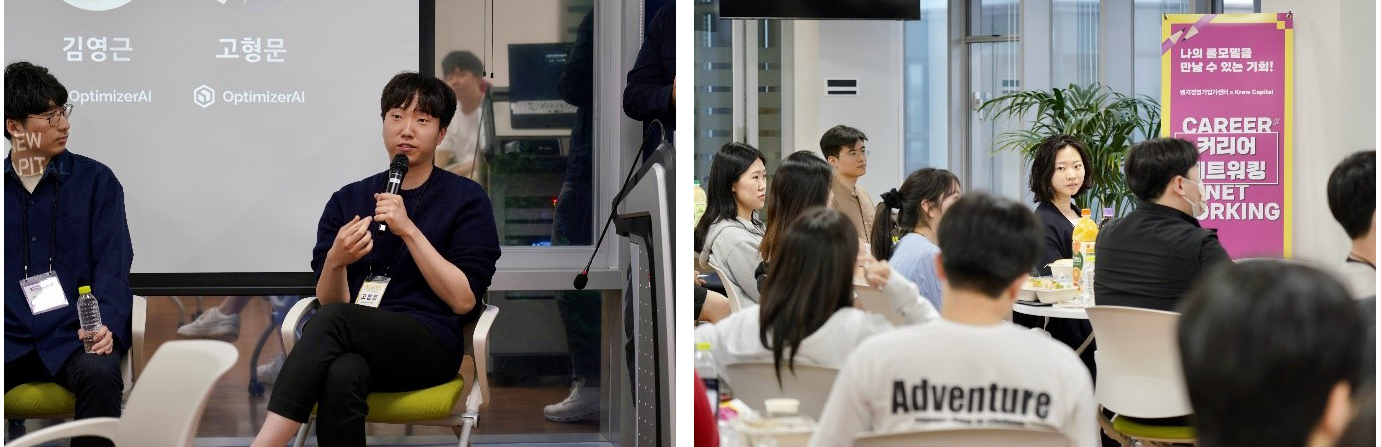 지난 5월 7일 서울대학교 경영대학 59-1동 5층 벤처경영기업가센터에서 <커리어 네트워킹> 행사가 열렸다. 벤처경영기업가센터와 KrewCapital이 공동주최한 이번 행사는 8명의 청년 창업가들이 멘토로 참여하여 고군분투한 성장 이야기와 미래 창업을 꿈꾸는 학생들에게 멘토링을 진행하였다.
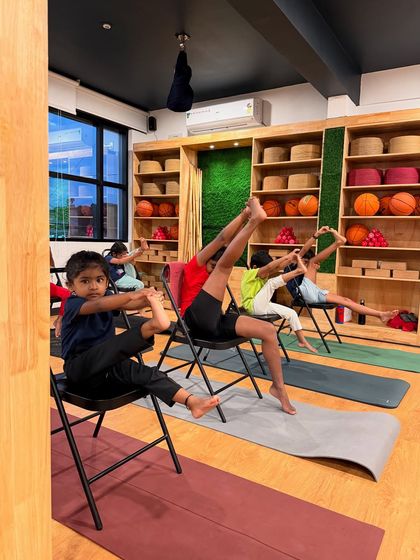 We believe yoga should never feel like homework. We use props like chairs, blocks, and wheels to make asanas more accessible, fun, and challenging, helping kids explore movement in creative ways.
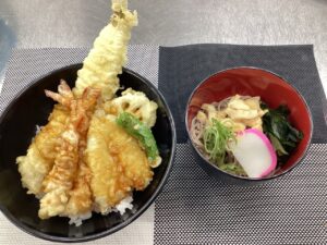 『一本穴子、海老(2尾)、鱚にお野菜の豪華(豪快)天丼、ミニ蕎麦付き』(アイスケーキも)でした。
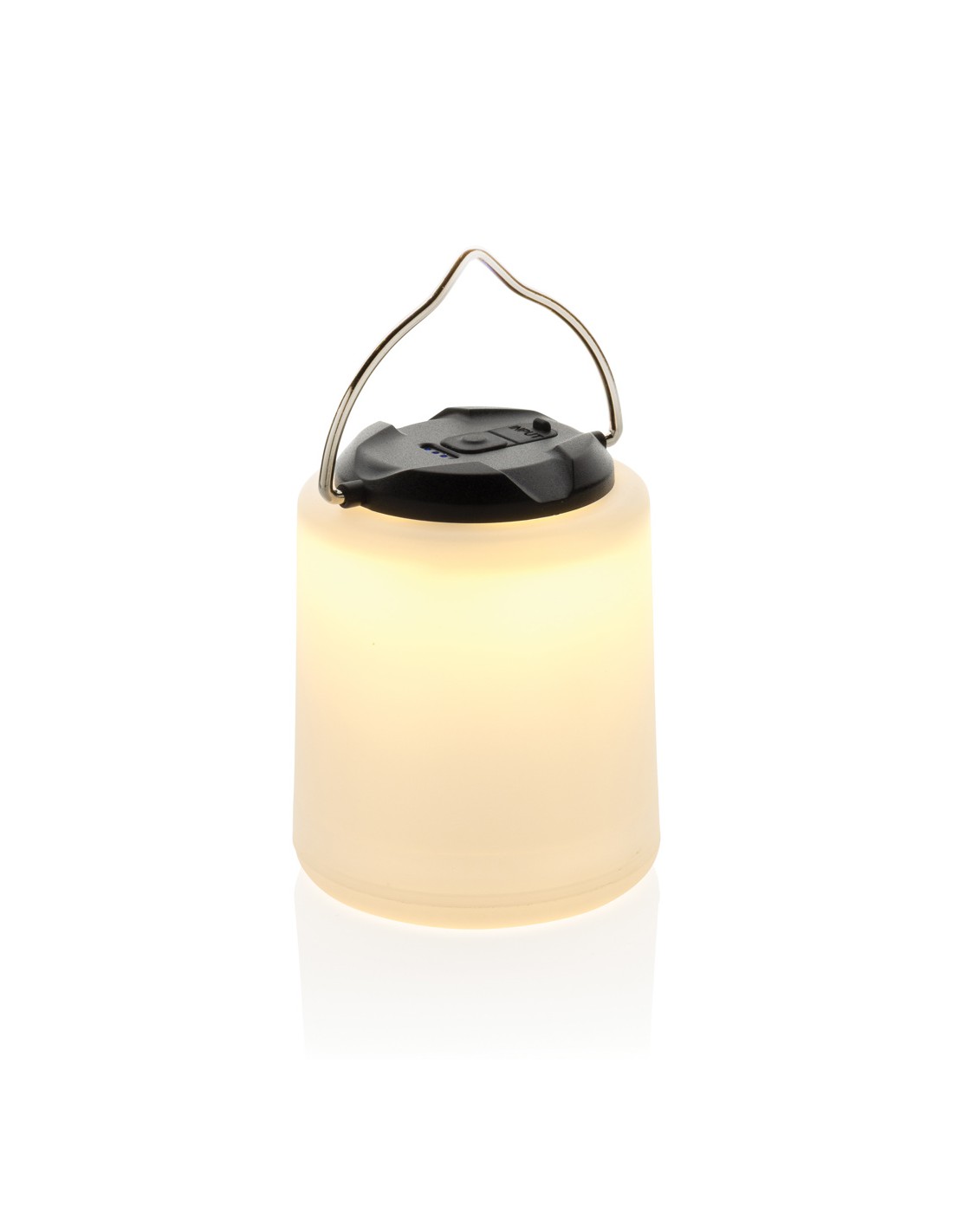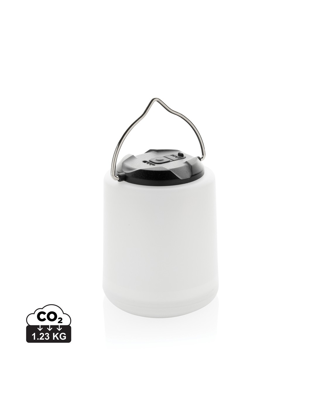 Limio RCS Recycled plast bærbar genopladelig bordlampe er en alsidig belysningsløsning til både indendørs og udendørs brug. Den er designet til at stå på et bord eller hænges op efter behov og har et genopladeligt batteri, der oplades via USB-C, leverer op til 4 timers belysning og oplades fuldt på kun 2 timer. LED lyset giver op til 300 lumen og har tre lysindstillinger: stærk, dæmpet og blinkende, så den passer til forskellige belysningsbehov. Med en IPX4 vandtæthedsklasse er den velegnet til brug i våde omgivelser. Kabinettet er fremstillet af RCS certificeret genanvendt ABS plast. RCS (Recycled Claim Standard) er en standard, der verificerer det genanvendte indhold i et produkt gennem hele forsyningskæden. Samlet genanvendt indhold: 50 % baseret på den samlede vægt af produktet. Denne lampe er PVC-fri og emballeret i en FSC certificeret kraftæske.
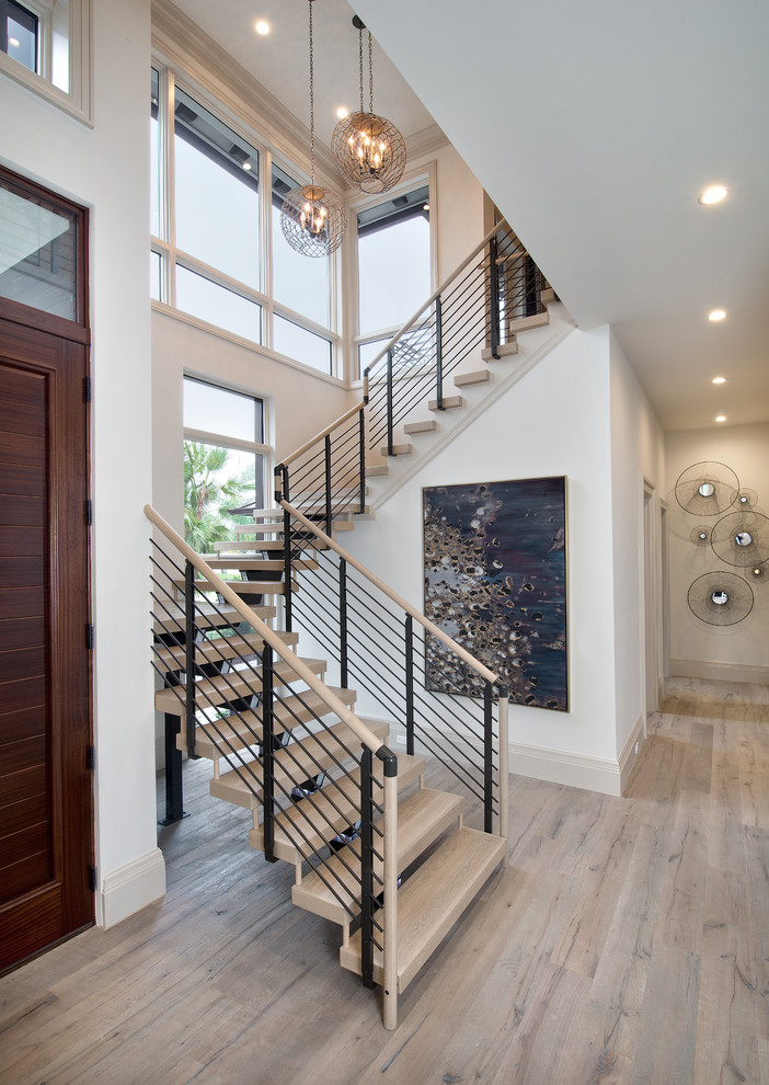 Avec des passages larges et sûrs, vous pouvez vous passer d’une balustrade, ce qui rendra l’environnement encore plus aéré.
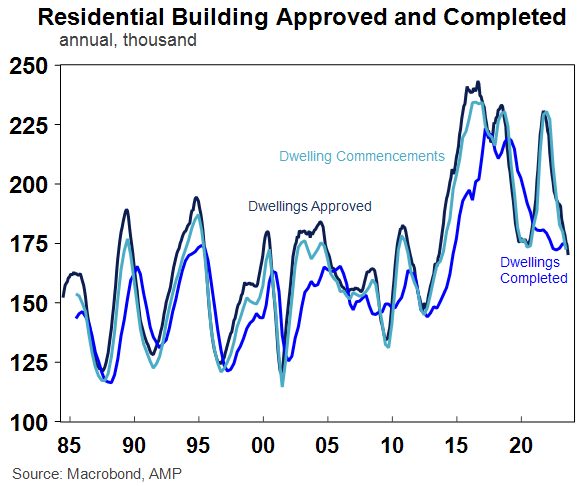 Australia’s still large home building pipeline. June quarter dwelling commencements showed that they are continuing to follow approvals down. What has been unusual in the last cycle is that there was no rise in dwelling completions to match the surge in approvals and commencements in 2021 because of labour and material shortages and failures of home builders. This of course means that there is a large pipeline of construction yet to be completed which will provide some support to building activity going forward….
---
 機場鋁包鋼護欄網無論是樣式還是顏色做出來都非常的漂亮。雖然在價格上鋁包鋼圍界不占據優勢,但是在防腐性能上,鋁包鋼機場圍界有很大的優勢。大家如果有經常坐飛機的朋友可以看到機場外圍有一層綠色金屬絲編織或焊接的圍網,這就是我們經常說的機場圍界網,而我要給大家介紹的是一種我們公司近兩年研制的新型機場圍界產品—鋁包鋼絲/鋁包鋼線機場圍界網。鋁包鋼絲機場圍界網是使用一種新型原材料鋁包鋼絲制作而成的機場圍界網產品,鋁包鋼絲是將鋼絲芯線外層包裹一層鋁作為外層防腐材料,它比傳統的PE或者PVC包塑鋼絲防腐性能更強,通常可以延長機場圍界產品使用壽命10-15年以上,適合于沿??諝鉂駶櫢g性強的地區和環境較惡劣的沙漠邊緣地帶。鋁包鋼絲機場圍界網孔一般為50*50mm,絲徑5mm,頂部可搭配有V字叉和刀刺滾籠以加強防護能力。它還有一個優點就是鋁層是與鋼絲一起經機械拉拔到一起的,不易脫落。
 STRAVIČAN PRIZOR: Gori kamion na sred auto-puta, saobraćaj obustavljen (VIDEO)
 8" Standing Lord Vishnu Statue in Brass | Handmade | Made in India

- **What the task asks**
Above are the records; restate exactly the lines from the one containing "지난 5월 7일 서울대학교" through the one containing "Australia’s still large", keeping pictures out.

- **Response box**
 지난 5월 7일 서울대학교 경영대학 59-1동 5층 벤처경영기업가센터에서 <커리어 네트워킹> 행사가 열렸다. 벤처경영기업가센터와 KrewCapital이 공동주최한 이번 행사는 8명의 청년 창업가들이 멘토로 참여하여 고군분투한 성장 이야기와 미래 창업을 꿈꾸는 학생들에게 멘토링을 진행하였다.
 We believe yoga should never feel like homework. We use props like chairs, blocks, and wheels to make asanas more accessible, fun, and challenging, helping kids explore movement in creative ways.
 『一本穴子、海老(2尾)、鱚にお野菜の豪華(豪快)天丼、ミニ蕎麦付き』(アイスケーキも)でした。
 Limio RCS Recycled plast bærbar genopladelig bordlampe er en alsidig belysningsløsning til både indendørs og udendørs brug. Den er designet til at stå på et bord eller hænges op efter behov og har et genopladeligt batteri, der oplades via USB-C, leverer op til 4 timers belysning og oplades fuldt på kun 2 timer. LED lyset giver op til 300 lumen og har tre lysindstillinger: stærk, dæmpet og blinkende, så den passer til forskellige belysningsbehov. Med en IPX4 vandtæthedsklasse er den velegnet til brug i våde omgivelser. Kabinettet er fremstillet af RCS certificeret genanvendt ABS plast. RCS (Recycled Claim Standard) er en standard, der verificerer det genanvendte indhold i et produkt gennem hele forsyningskæden. Samlet genanvendt indhold: 50 % baseret på den samlede vægt af produktet. Denne lampe er PVC-fri og emballeret i en FSC certificeret kraftæske.
 Avec des passages larges et sûrs, vous pouvez vous passer d’une balustrade, ce qui rendra l’environnement encore plus aéré.
 Australia’s still large home building pipeline. June quarter dwelling commencements showed that they are continuing to follow approvals down. What has been unusual in the last cycle is that there was no rise in dwelling completions to match the surge in approvals and commencements in 2021 because of labour and material shortages and failures of home builders. This of course means that there is a large pipeline of construction yet to be completed which will provide some support to building activity going forward….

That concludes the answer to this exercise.